Dando un rodeo, volvemos a ganar el pueblo. Entre los setos, bandos de estorninos que levantan el vuelo a nuestro paso, mirlos. Un vecino con dos perros uno de los cuales se asusta al vernos. Tenemos  que permanecer quietos un buen rato hasta que el animalito se decide a marchar junto a su amo.

¿Queréis ir al cementerio?

Yo sí –contesto.

A Paco le gusta ver siempre los cementerios de todos los sitios a donde va.
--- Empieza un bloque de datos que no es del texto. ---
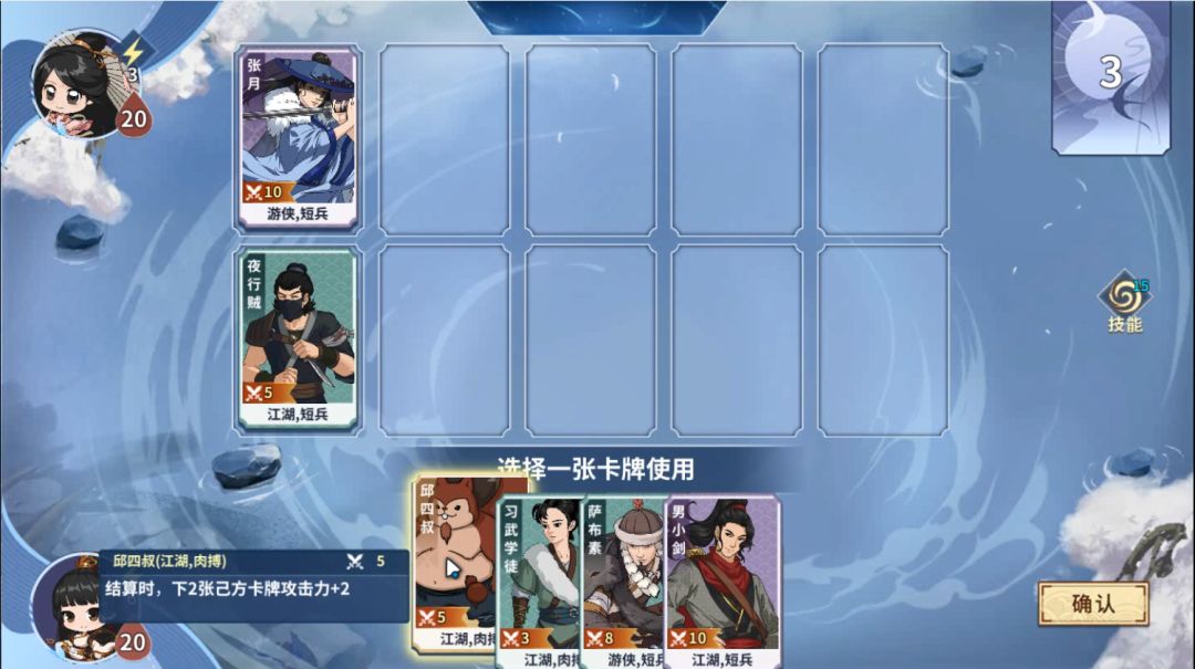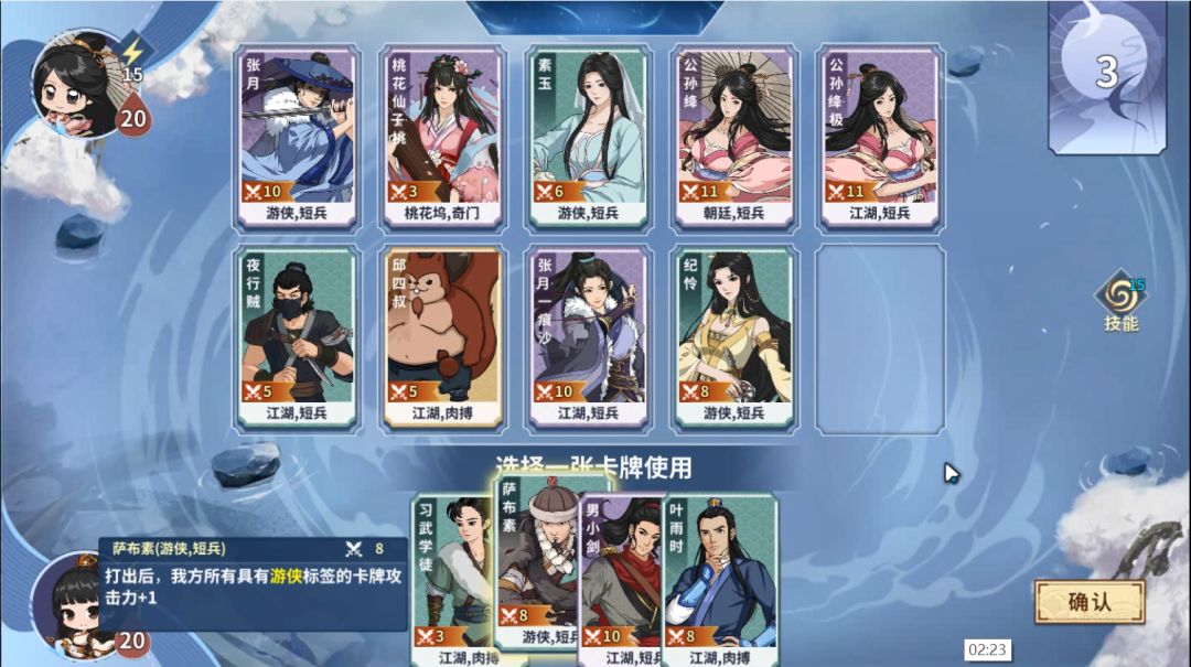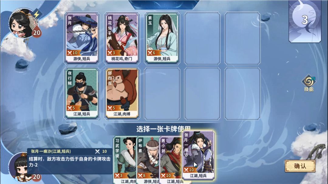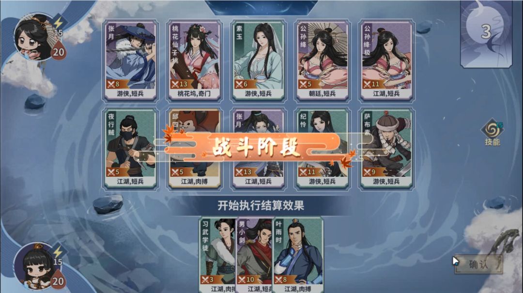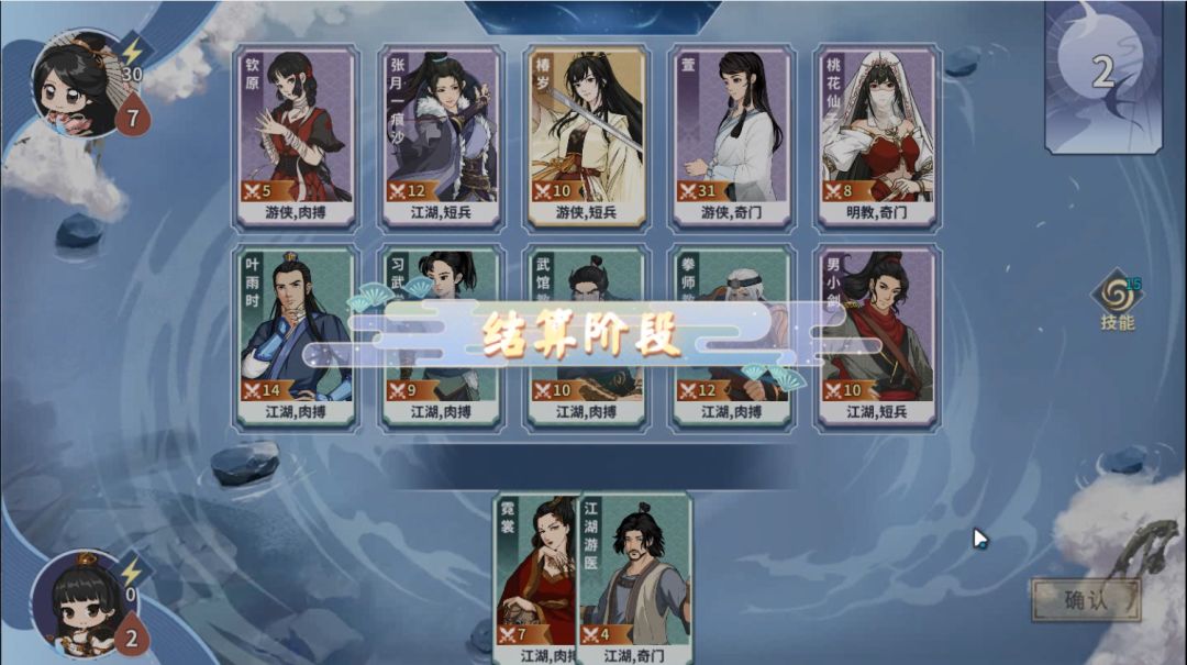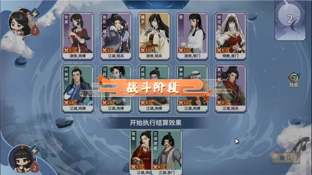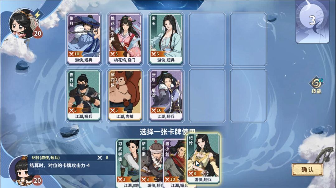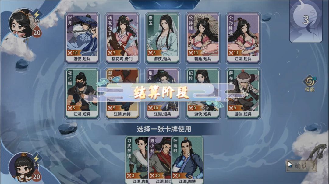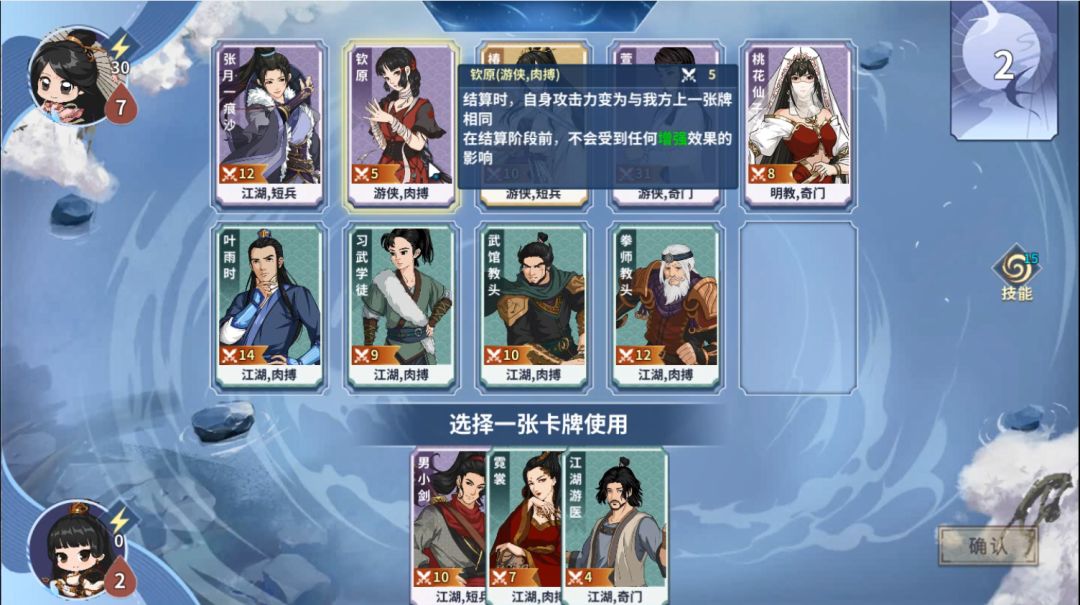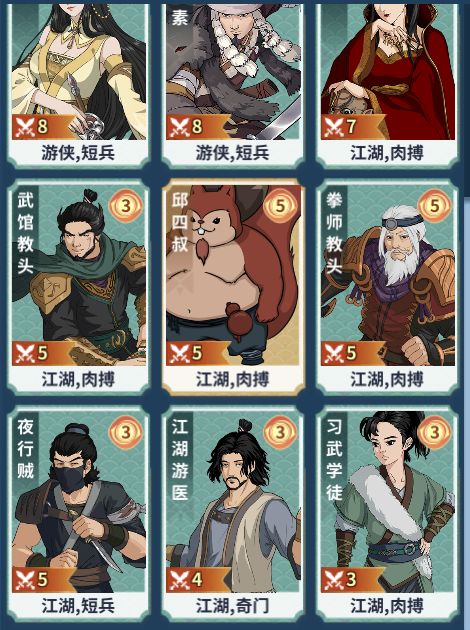 问题是:12张牌,我很难在第一轮牌局里就能凑出让习武学徒攻击力最大化的阵容,除非你用张少爷或者叶雨时选牌,但是个人感觉这样上限不高,我喜欢用李佩芷,这样到最后伤害爆炸。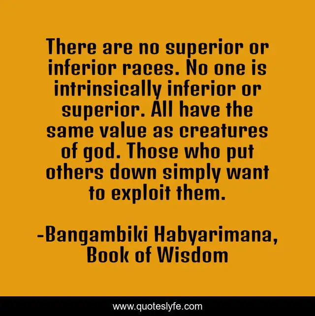 "Bangambiki Habyarimana, Book of Wisdom Quotes." Quoteslyfe.com, 2025. Mon. 08 Dec. 2025. <https://www.quoteslyfe.com/quote/There-are-no-superior-or-inferior-races-200323>.

Tumba de una pareja de etnia gitana
A.V.D.

Es verdad. No sé por qué pero me dan paz y me permiten hacerme una idea de cómo es la gente del país. Atravesando Ebenthal por una calle flanqueada por chalecitos modernos, edificados a imagen de la Whisteria Lane de Mujeres Desesperadas, ganamos el camposanto. Como la ciudad de los vivos, la de los muertos está edificada en dos niveles. A la puerta, hay una máquina automática dispensadora de velas (las características candelas rojas que los austriacos colocan sobre las tumbas). Algunas mujeres cuidan las tumbas de sus ancestros. En el cementerio de Ebenthal –católico- hay, sin embargo, una tumba especial. Corresponde a lo que parece un matrimonio de religión mahometana.

La primera tumba turca que veo –digo al ver la media luna y la estrella sobre la lápida.
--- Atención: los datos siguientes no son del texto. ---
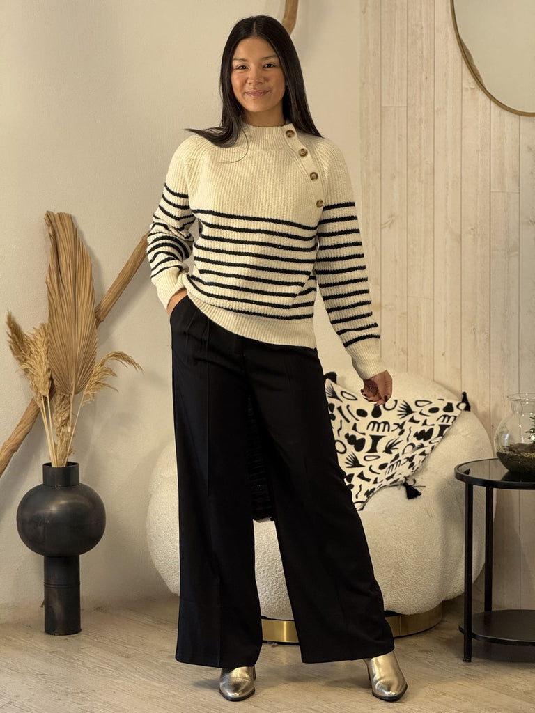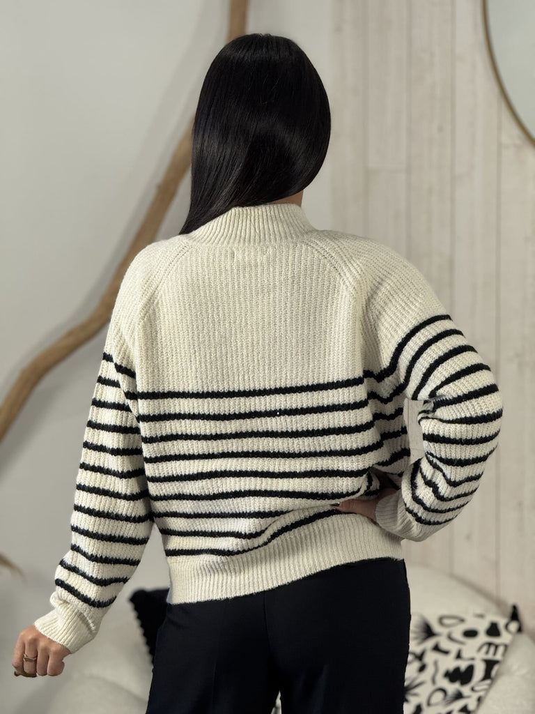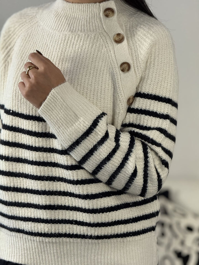 • Pull à ml col haut rond avec boutons sur côté imprimé marinière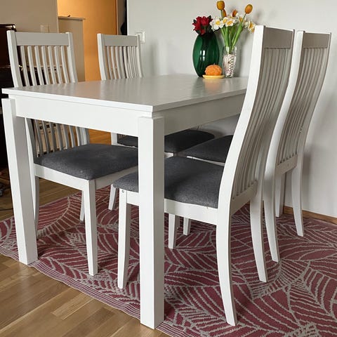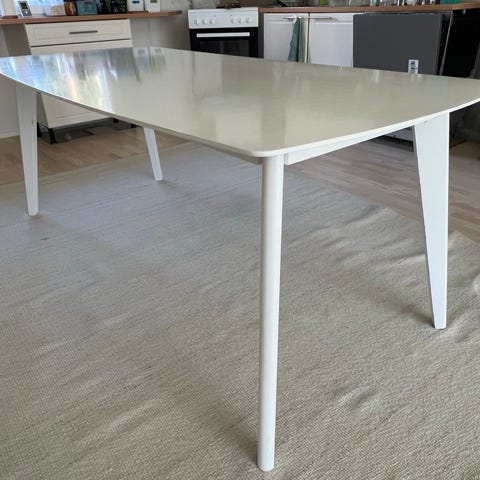 Annetaan korkeakiiltoinen valkoinen ruokapöytä koko 140x80. Kolhuja muutama, isoimmasta kuva. Nouto kuhankoskelta

No son turcos, son gitanos.

El cementerio de Ebenthal, como todos los austriacos, es pulcro y reluciente. Las lápidas son de mármol negro con letras doradas y sobre las huesas hay sembradas flores y plantas naturales. Rosas de pentecostés, pensamientos, no me olvides. Dominando las tumbas modernas hay un área que se nota más antigua.

Es el cementerio de niños, me dicen.

Leo una chapa esmaltada de blanco que marca la situación de una tumba. El texto, medio borrado, dice: “aquí descansa el niño Florian que murió (una fecha de mil novecientos veintinueve) a los tres años de edad.”